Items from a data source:

□ □ □ □ □

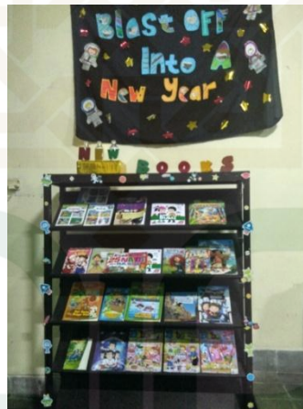
Rak buku untuk menaruh buku baru setelah dipamerkan pada kegiatan Reading After School
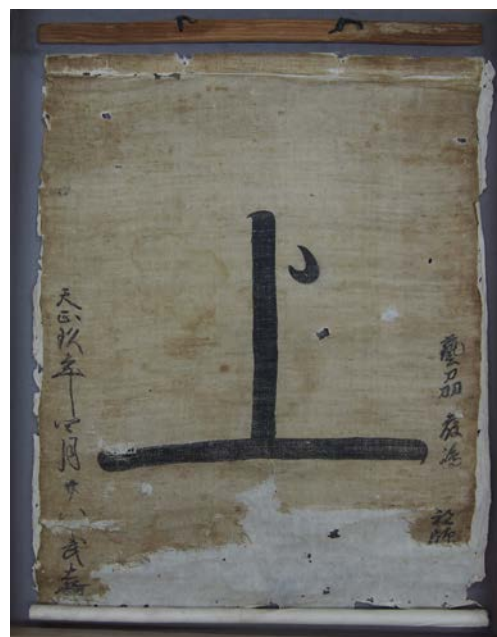
上：過所船旗 左：能島村上家文書
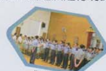
制服團隊迎新活動日
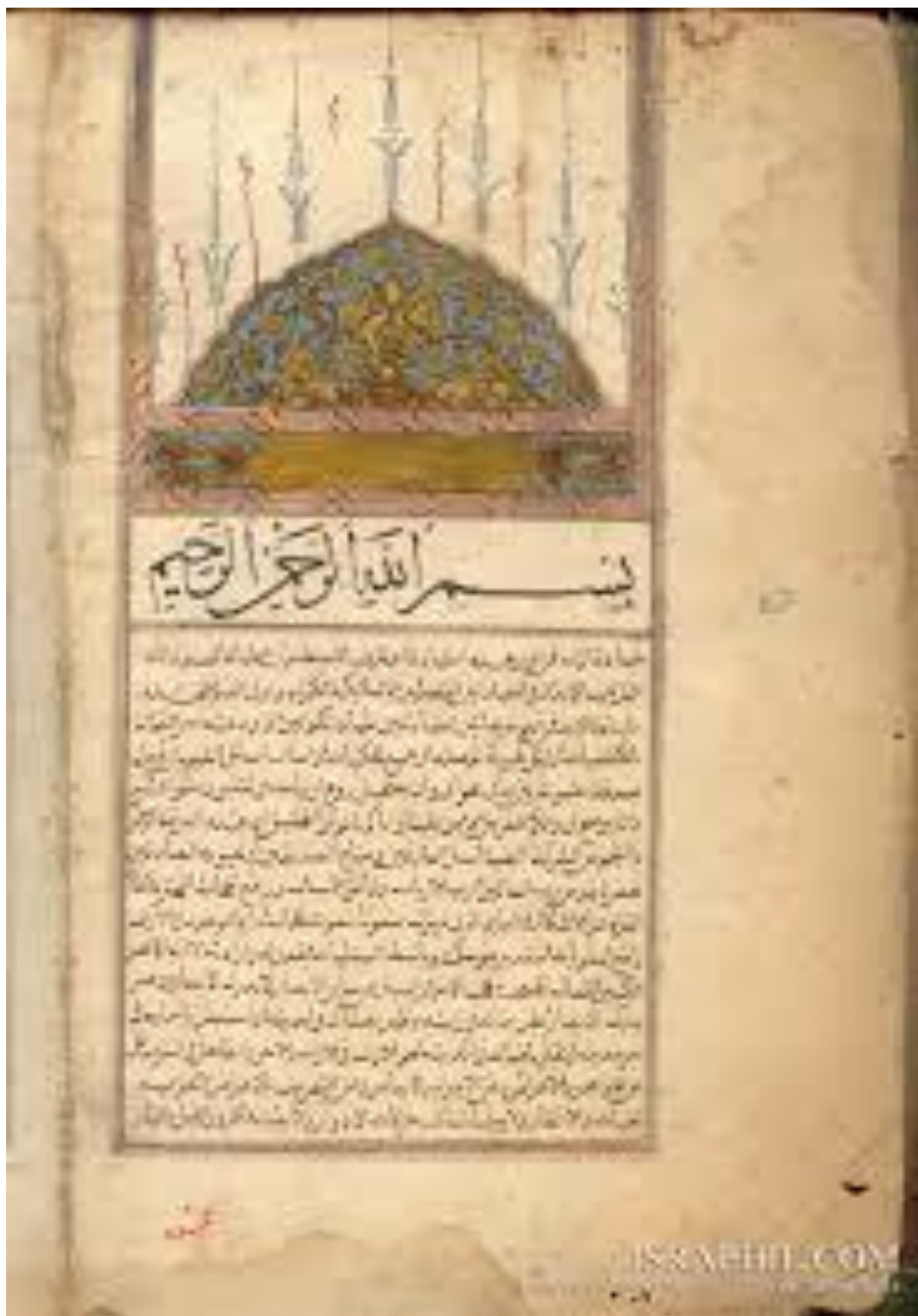
Ибн ал-Арабийнинг ўша давр хаттотлари томонидан нақшлар билан безатилган асл қўлёзмаларидан бири.
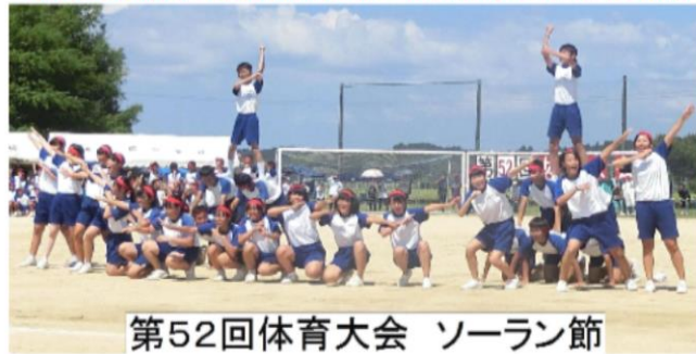
第52回体育大会 ソーラン節

学校開放期間 11月5日(火)~8日(金) 授業の様子など御自由に参観してください。
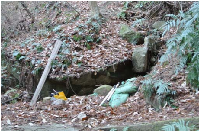
毎年補修するも水流で決壊する水路
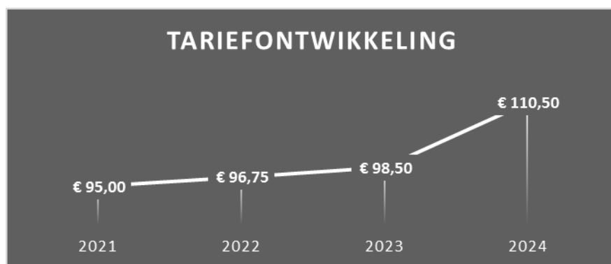
FIGUUR 3: TARIEFONTWIKKELING 2021 - 2024

Onderstaande figuur geeft weer wat de tariefontwikkeling is ten opzichte van de afgelopen jaren:
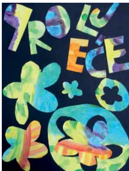
Katja Stipeč, 5. a
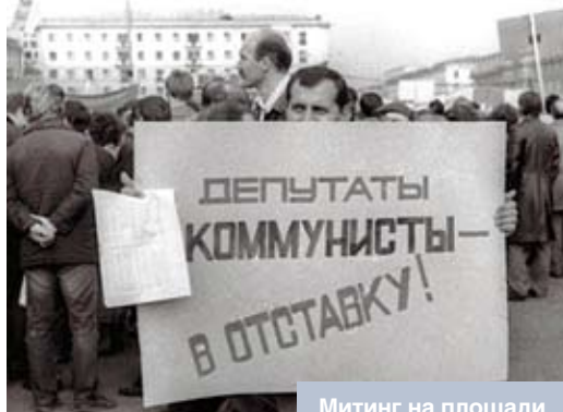
Митинг на площади Независимости в Минске. Осень 1991 года

Тем не менее, именно такая соглашательская политика в перспективе непременно привела бы к власти отъявленных националистов – с вытекающими отсюда последствиями для страны. Говорят, после известных августовских событий 1991 года С. Шушкевич пытался вразумлять ради-
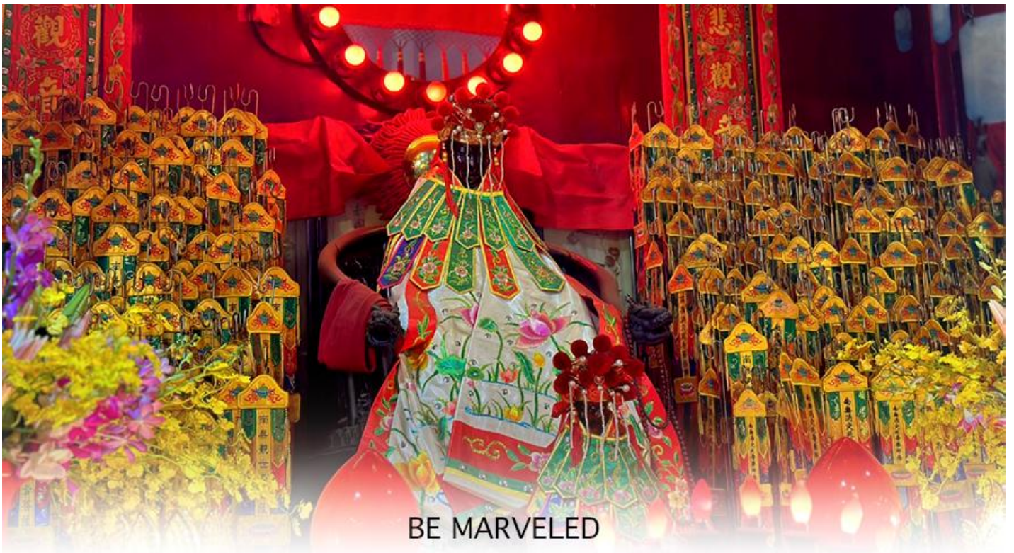
BE MARVELED วัดเจ้าแม่กวนอิมฮองอำ (ยิมฮิน)

ให้เดินทางกลับไปกราบไหว้ และขอบคุณเจ้าแม่กวนอิมอีกครั้ง โดยเตรียมชุดไหว้และกระดาษเงินกระดาษทอง ที่เป็นเหมือนเงินที่เรานำมาคืน เป็นการไหว้เพื่อคืนเงินเจ้าแม่กวนอิมนั่นเอง
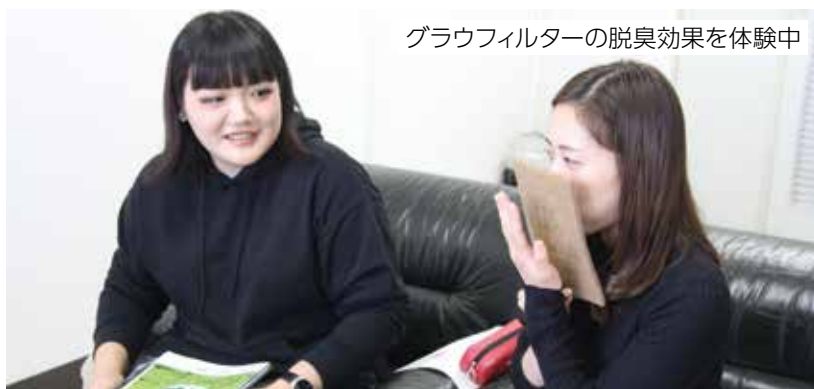
グラウフィルターの脱臭効果を体験中
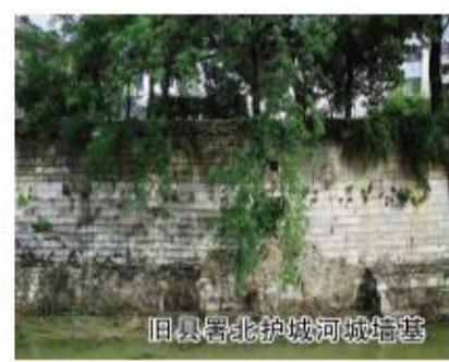
旧县路北护城河城堞基
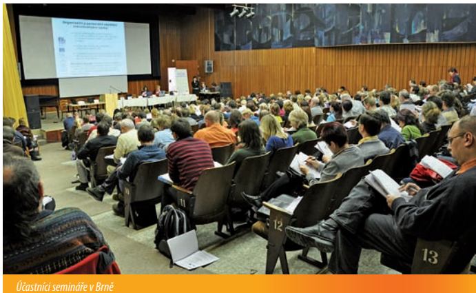
Účastníci semináře v Brně

Více informací k Operačnímu programu Vzdelávání pro konkurenceschopnost naleznete na internetové stránce MŠMT www.msmt.cz/strukturalni-fondy/op-vpk-obdobi-2007-2013 .
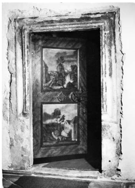
3. Portal renesansowy wewnątrz papierni, pocz. XVII w.

Polichromowane drzwi pierwotnie były wmontowane w późnorenesansowy fasciowy portal, który wykonano z piaskowca najprawdopodobniej na początku XVII wieku. Znajduje się on na drugiej kondygnacji w najstarszej, zachodniej części budynku młyna papierniczego, w tej partii pomieszczeń, które pełniły funkcje mieszkalne. Został on osadzony w ceglanej ścianie, która
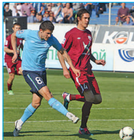
«Крылья Советов» уходят из опасной зоны
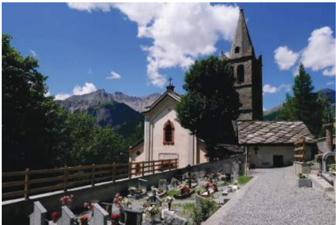
02. Vista della chiesa da nord est.
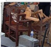
Cadeira do estudante em madeira
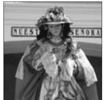
Virgen de Bótoa
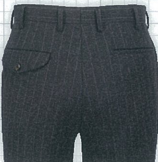
No.02 左ポケットのみ雨フタ
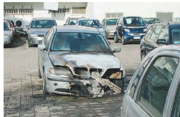
PUTIGNANO Ecco com'è ridotta la Bmw incendiata

Le cause dell'incendio sono ancora tutte da chiarire ma, dalle prime indiscrezioni trapelate, sembrerebbe quasi certa l'origine dolosa. Pare infatti che le registrazioni delle telecamere attive nella concessionaria mostrino chiaramente un individuo che scavalca la cancellata del piazzale e appicca il fuoco alla ruota anteriore della Bmw. I Carabinieri della stazione cittadina, sopraggiunti sul posto, hanno avviato un'indagine per approfondire le circostanze. Se l'ipotesi dolosa dovesse essere confermata, le indagini punteranno ad accertare se l'autore intendesse distruggere solo quell'auto o tutto il «parco».
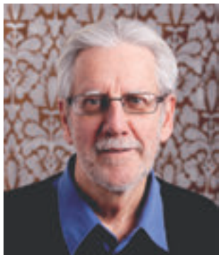
PAR JACQUES CRÉPEAU SOCIÉTÉ D'HISTOIRE DE SAINT-DAVID D'YAMASKA

ON NE SAIT PAS QUAND LA CHAPELLE DE SAINT-DAVID EST DISPARUE, MAIS UNE NOTE AU BAS D'UNE PHOTO D'ARCHIVES NOUS APPREND QU'ELLE ÉTAIT ENCORE LÀ EN 1937
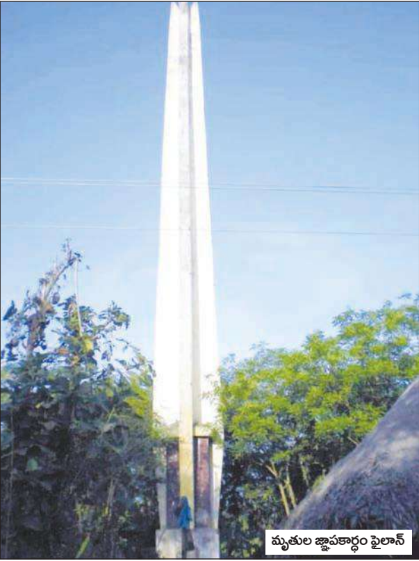
మృతుల జ్ఞాపకార్థం ఫైలాన్

అవనిగడ్డ మేజర్ స్కూల్ : దివిసీమను ఉప్పెన రూపంలో కబళించి నేటికి 46 సంవత్సరాలు కవస్తున్నా దివిసీమలో కనీస అవసరాలైన తాగునీరు, రహదారులను పూర్తి స్థాయిలో గత ప్రభుత్వాలు అభివృద్ధి చేయలేకపోయాయి. అవనిగడ్డ నుండి కోడూరు మీదగా హంసలదీవి, పాలకాయతిప్ప రహదారి అవనిగడ్డ నుండి నాగాయలంక మీదగా పరిసర లంక గ్రామాలకు వెళ్ళడానికి రహదారులు అధ్వానంగా ఉన్నాయి. నాగాయలంక, కోడూరు మండలాలలో జనవరి నుండి జూన్ నెల వరకు తాగునీటికి నేటికి ఇబ్బందులు ఎదుర్కొంటున్నారు. తీర ప్రాంతాల్లో తుఫాను పెల్లర్లను అభివృద్ధి చేసిన దాఖలాలు కూడా కనిపించడం లేదు. పాలకులు మారినా, ప్రభుత్వాలు మారినా ఎక్కడ వేసిన గోంగళి అక్కడే అన్న చందంగా దివిసీమ అభివృద్ధి మిగిలిపోయింది. నాగాయలంక మండలం ఎదురుమొండి వద్ద వాయుగుండం తీరాన్ని దాటగా గంటకు 130 నుండి 160 కి. మీ. వేగంతో వీచిన గాలులకు సముద్ర అలలు 8 మీ. ఎత్తున ఎగిసిన రాకాశి అలల సముద్రతీర ప్రాంతాన్ని ముంచి మొత్తం తుడిచి పెట్టుకుపోయింది. దివిసీమతో పాటు గుంటూరు జిల్లా నిజాంపట్నం, రేవల్లెలో ప్రళయం సృష్టించి 14 వేల మందికి పైగా పొట్టన పెట్టుకోగా ఒక్క దివిసీమలోనే 9 వేల మంది మృత్యువాత పడ్డారు. కోడూరు మండలం పాలకాయ తిప్పలో 460, మూలపాలెంలో 300, నాగాయలంక మండలం సోర్లగొందిలో 714 మంది భవనాలలో తలదాచుకున్నవారు. నాగాయలంక మండలంలోని సోర్లగొంది, నాచుగుంట, సంగమేశ్వరం, ఎదురు మొండి, ఈలచెట్టిదిబ్బ, ఏటిమోగ, కమ్మనమోల, దీనదయాశ్రవరం, గుల్ల
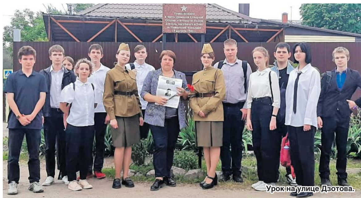
Урок на улице Дзотова.
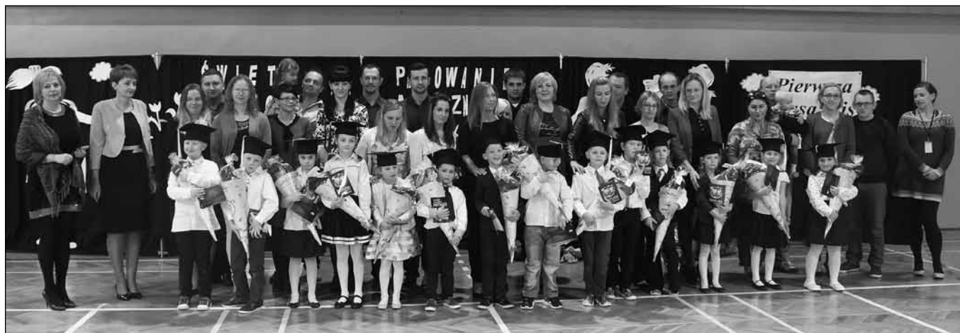
fol. Szkoła Podstawowa nr 5

□ □ □ □ □

- **EXERCISE OBJECTIVE**
Produce the number of lines in the data containing the string "DAVID", with nothing added.

- **ANSWER SECTION**
2